Source records
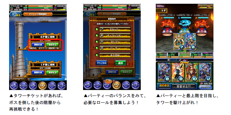 タワーダンジョンには「部屋作成」または、部屋に「参加する」を選択して挑みます。部屋を作成する場合、パーティーに入って欲しいロール(役割)を選択して、メンバーを募集することができます。ロールの異なるメンバーで役割分担しながら、ボスに挑んでみましょう!また、4階層以上で部屋を作成する場合、一定階層ごとに出現するボスを倒した際に手に入る「タワーチケット」を1枚消費することで、ゲームオーバーや中断した場合でも、チケットを手に入れた階層から挑戦できます。
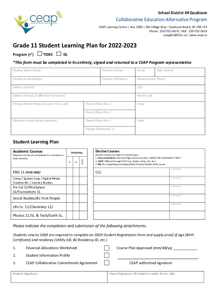 Fillable Online CEAP Learning Centre Box 1000 266 Village Way Qualicum
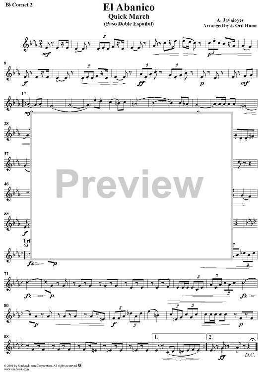 Digital Sheet Music for El Abanico - Cornet 2 by A. Javaloyes, J. Ord Hume scored for Concert Band; id:282550
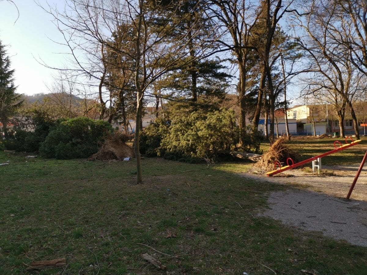 Bura je prouzrokovala kaos i u Gradskom parku u centru grada Trilja gdje je porušeno nekoliko stabala, a tokom dana u komunalno gospodarstvo Grada Trilja pristižu dojave o porušenim stablima, prevrnutim kontejnerima i ostaloj šteti u većini gradskih naselja.
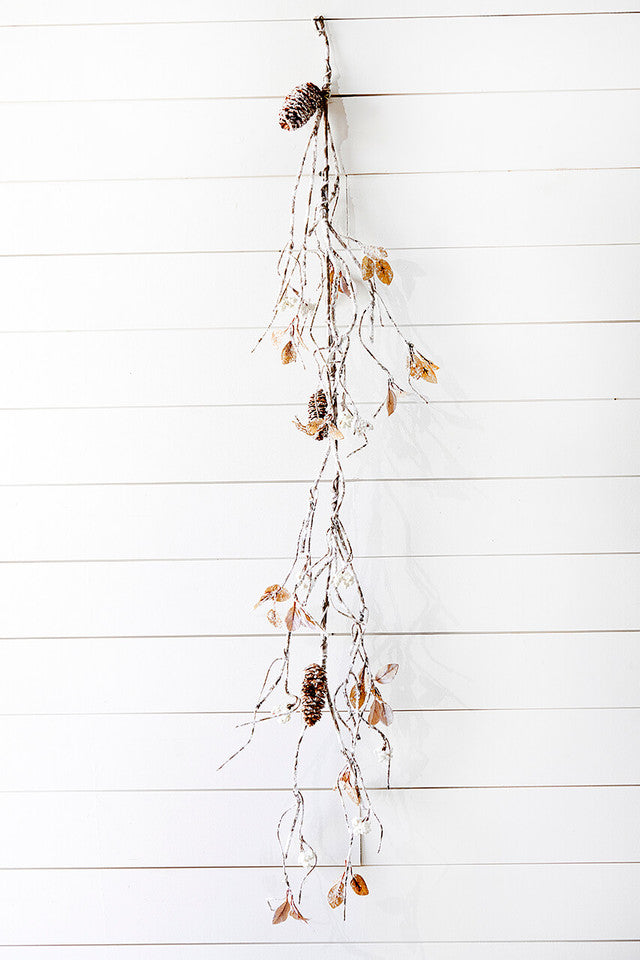 48" Snow Glitter Winter Chalet Garland Frosted Natural Holiday Decor
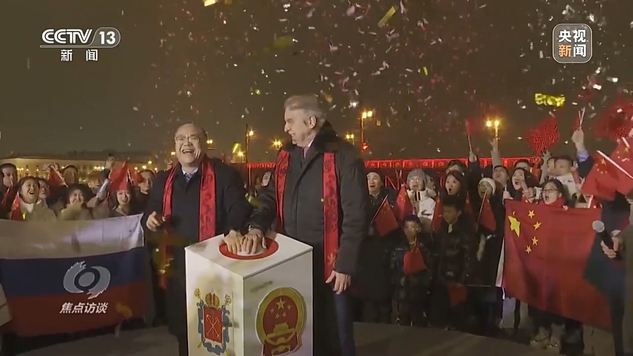 在俄羅斯第二大城市圣彼得堡,橫跨涅瓦河的冬宮橋在《春節序曲》的悠揚旋律中徐徐開啟。橋身燈光閃亮的“中國紅”映照在河面上,給寒冷的冬夜帶來濃濃暖意和喜慶氣息,這是圣彼得堡首次為外國節日開橋。
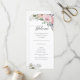 Dieses wunderschöne Hochzeitsempfang-Programm besticht durch einen trendigen Blumenstrauß in Aquarelltönen mit staubigen Rose und Blume in den Farbtönen Pfirsich, Rosa, Blau und Grün.
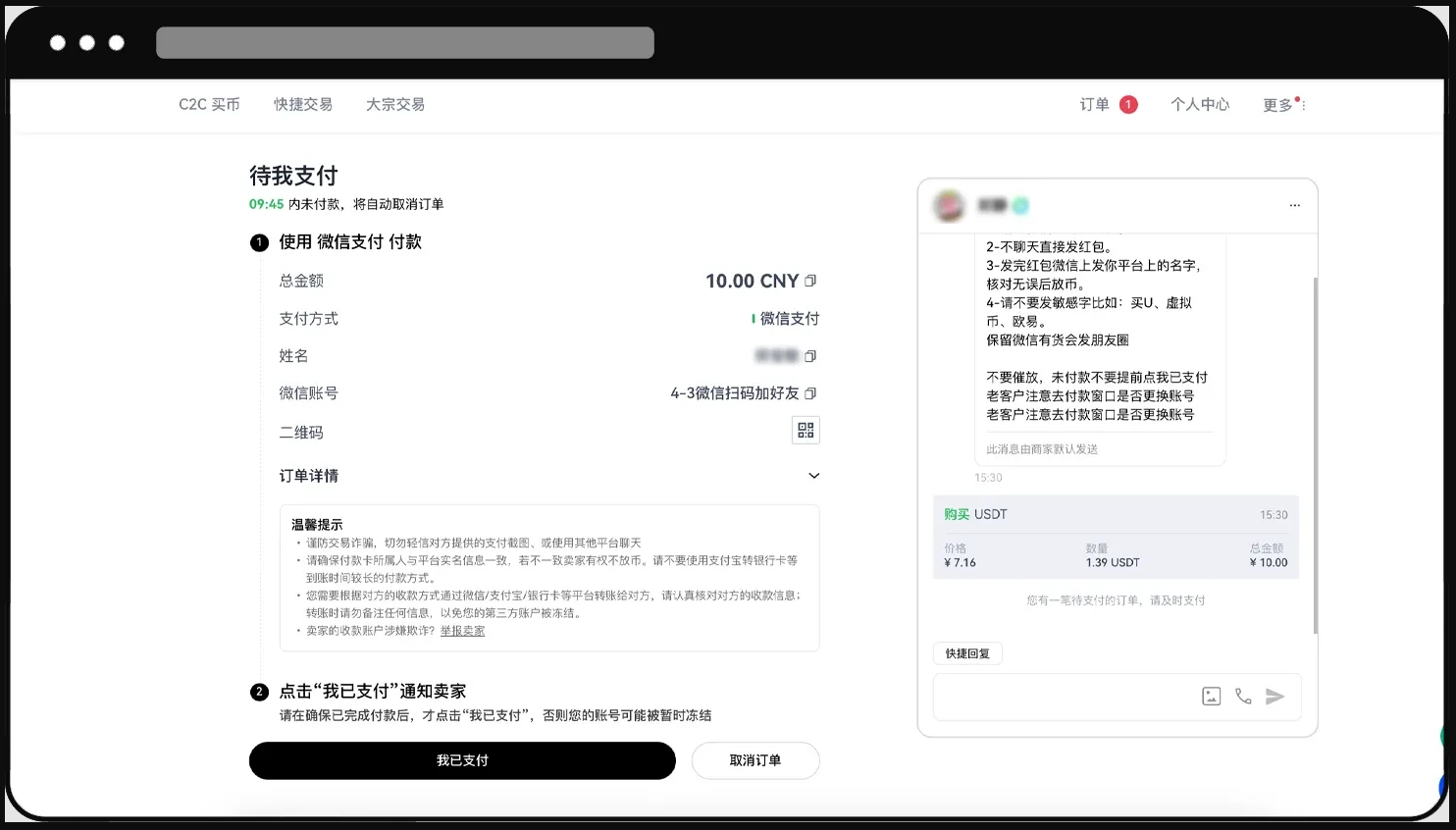 一些诈 骗犯会利用第三方支付平台的退款功能,在 C2C 交易完成后取消付款。若用户在未确认法币资金或数字资产已到账的情况下,就点击确认订单,则诈 骗犯将可以轻易撤回付款。
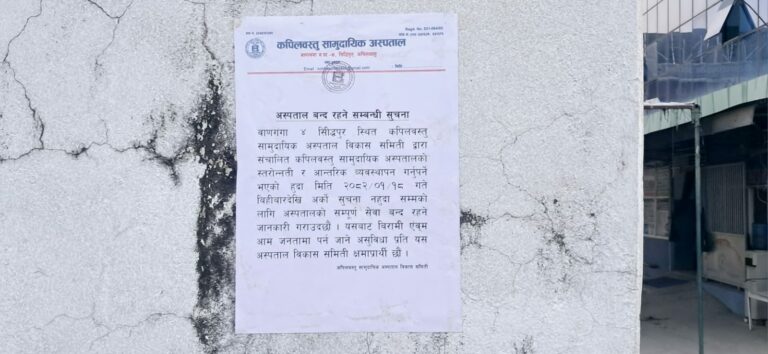 कपिलवस्तुको बाणगंगा ४ सिद्धिपुरमा रहेको कपिलवस्तु सामुदायिक अस्पताल आर्थिक अभावको कारण सम्पूर्ण सेवाहरु बन्द भएको जनाएको छ। अस्पतालको मुलगेटमा सूचना टास गर्दै अस्पतालको स्तरोन्नति र आन्तरिक व्यवस्थापन गर्नुपर्ने आवश्यकता देखाउँदै अस्पताल विकास समितिले अर्को सूचना नआउदा सम्म सेवा स्थगन गर्ने निर्णय गरेको हो।
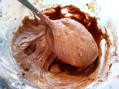 Всыпьте просеянную муку с какао и разрыхлителем и перемешайте миксером.

__ASSIGNMENT__: Verbatim transcription needed, from the opening line of the entries above through the line containing "Natural Holiday Decor"; pictures do not belong in it.

__RESULT__:
 タワーダンジョンには「部屋作成」または、部屋に「参加する」を選択して挑みます。部屋を作成する場合、パーティーに入って欲しいロール(役割)を選択して、メンバーを募集することができます。ロールの異なるメンバーで役割分担しながら、ボスに挑んでみましょう!また、4階層以上で部屋を作成する場合、一定階層ごとに出現するボスを倒した際に手に入る「タワーチケット」を1枚消費することで、ゲームオーバーや中断した場合でも、チケットを手に入れた階層から挑戦できます。
 Fillable Online CEAP Learning Centre Box 1000 266 Village Way Qualicum
 Digital Sheet Music for El Abanico - Cornet 2 by A. Javaloyes, J. Ord Hume scored for Concert Band; id:282550
 Bura je prouzrokovala kaos i u Gradskom parku u centru grada Trilja gdje je porušeno nekoliko stabala, a tokom dana u komunalno gospodarstvo Grada Trilja pristižu dojave o porušenim stablima, prevrnutim kontejnerima i ostaloj šteti u većini gradskih naselja.
 48" Snow Glitter Winter Chalet Garland Frosted Natural Holiday Decor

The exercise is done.